My config is the default:

algorithm_config:
  desc: null
  value:
    delay_value: true
    loss_function: l2
    share_param_critic: true
    use_tanh_mapping: true
algorithm_name:
  desc: null
  value: maddpg
continuous_actions:
  desc: null
  value: true
environment_name:
  desc: null
  value: pettingzoo
experiment_config:
  desc: null
  value:
    adam_eps: 1.0e-06
    checkpoint_interval: 300000.0
    clip_grad_norm: true
    clip_grad_val: 5.0
    create_json: true
    evaluation: true
    evaluation_deterministic_actions: true
    evaluation_episodes: 200
    evaluation_interval: 60000
    exploration_anneal_frames: 1000000
    exploration_eps_end: 0.01
    exploration_eps_init: 0.8
    gamma: 0.9
    hard_target_update_frequency: 5
    loggers:
    - wandb
    lr: 5.0e-05
    max_n_frames: 10000000
    max_n_iters: null
    off_policy_collected_frames_per_batch: 6000
    off_policy_init_random_frames: 0
    off_policy_memory_size: 1000000
    off_policy_n_envs_per_worker: 60
    off_policy_n_optimizer_steps: 1000
    off_policy_train_batch_size: 128
    on_policy_collected_frames_per_batch: 60000
    on_policy_minibatch_size: 4096
    on_policy_n_envs_per_worker: 600
    on_policy_n_minibatch_iters: 45
    polyak_tau: 0.005
    prefer_continuous_actions: true
    render: true
    restore_file: null
    sampling_device: cuda
    save_folder: artifacts
    share_policy_params: false
    soft_target_update: true
    train_device: cuda
model_config:
  desc: null
  value:
    activation_class: torch.nn.modules.activation.Tanh
    activation_kwargs: null
    layer_class: torch.nn.modules.linear.Linear
    norm_class: null
    norm_kwargs: null
    num_cells:
    - 256
    - 256
model_name:
  desc: null
  value: mlp
on_policy:
  desc: null
  value: false
seed:
  desc: null
  value: 0
task_config:
  desc: null
  value:
    continuous_actions: true
    local_ratio: 0.5
    max_cycles: 100
    task: simple_reference_v3
task_name:
  desc: null
  value: simple_reference

matteobettini commented 3 months ago

Hello!

This is because it might need some hyperparameter tuning. VMAS parameters have been tuned for MADDPG in the fine_tuned folder and that is why you see VMAS working. In particular, here are some points:

Is there a reason why you need to use Pettingzoo MPE? If not I would suggest using the VMAS MPE. python fine_tuned/vmas/vmas_run.py task=vmas/simple_reference algorithm=maddpg should work. With VMAS you also benefit from the speed of vectorized simulation
If you cannot use vmas for some reason, then you need to tune MADDPG for PettingZoo MPE. I would do so taking some inspiration from the MADDPG parameters used in the VMAS. In particular, I would pay more attention to:
- exploration_anneal_frames
- off_policy_collected_frames_per_batch
- off_policy_n_optimizer_steps
- off_policy_memory_size
- gamma (change to 0.99)
you are not seeing agent explore because the videos come from evaluation which is performed with deterministic actions. to see them explore set evaluation_deterministic_actions=False

florin-pop commented 3 months ago

Thank you for the lightning fast response!

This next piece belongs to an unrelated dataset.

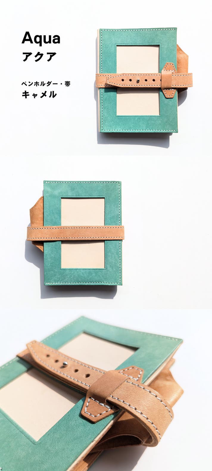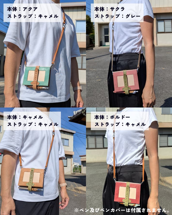 表面カラー8色(ブラック、キャメル、ブルー、レッド、サクラ、メロン、ボルドー、アクア)、帯、ペンホルダー、内面のポケット部分は、イタリアのレザー「マヤレザー」を使用

I would definitely prefer to use VMAS/MPE over PettingZoo/MPE due to its speed. The reason I started with PettingZoo was the fact that I wanted to have a baseline as starting point for our experiments and my understanding from reading the https://github.com/proroklab/VectorizedMultiAgentSimulator/issues/62 was that you used the VMAS fine-tuned parameters for training agents in PettingZoo as well so I copied those parameters.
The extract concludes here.